Si Stefan Liberski filme l'idéal de notre société moderne, une richesse qui ne sait plus quoi acheter, et l'autre de cette classe sociale emportée par ses aspirations (l'impossibilité d'arriver à compter ses piscines), Bunker Paradise n'est pas la description minutieuse d'une lutte des classes, mais plutôt un conte, atemporel et onirique, une fable, une parabole.
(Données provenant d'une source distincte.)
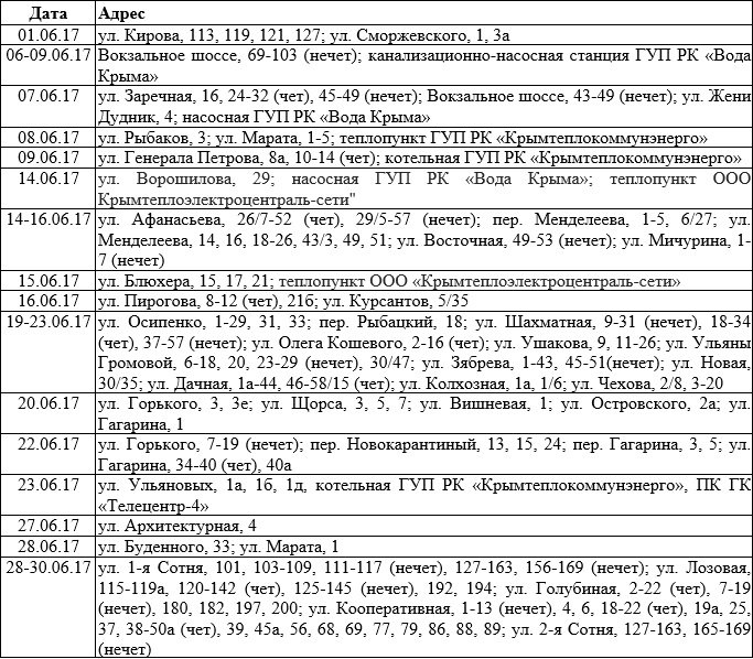 ГУП РК «Крымэнерго» сообщает о том, что в связи с плановым ремонтом электрооборудования в июне с 8 до 17 часов будут происходить отключения линий электропередачи согласно нижеприведенному графику, - передает Керчь.ФМ.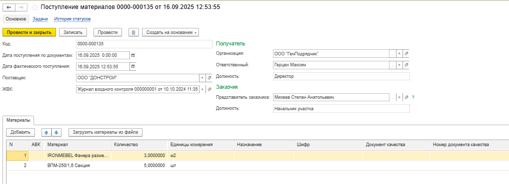 После того, как все материалы указаны, нажмите на кнопку «Провести и закрыть».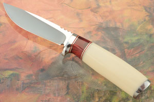 The handle combines alternative ivory with a red acrylic spacer, creating excellent contrast. It is completed with a stainless steel butt cap, guard, and spacers, giving it perfect balance in hand.

Ce châtelain et son bouffon, ce Roméo et cette Juliette filmée à son balcon, donnent au film son arrière texte shakespearien. Alice vaguement innocente, Mimmo est passé de l'autre côté du miroir, dans le pays merveilleux et cruel des enfants gâtés. John Deveau est une figure romantique et sombre à la Nerval, le "Desdichiado" (littéralement "le déshérité"), qui parle et gesticule sur une scène où il rejoue encore et encore sa propre chute. Derrière Deveau, tranchant comme l'acier, un père, qui a acheté le silence et la disparition de son fils, réinvente dans la nuit des morts vivants le mythe moderne de Dracula. En contrepoint lumineux à cette traversée de la nuit, les déambulations d'un enfant au Japon trouent le récit à intervalles réguliers et résonnent comme une ancienne ballade de troubadour.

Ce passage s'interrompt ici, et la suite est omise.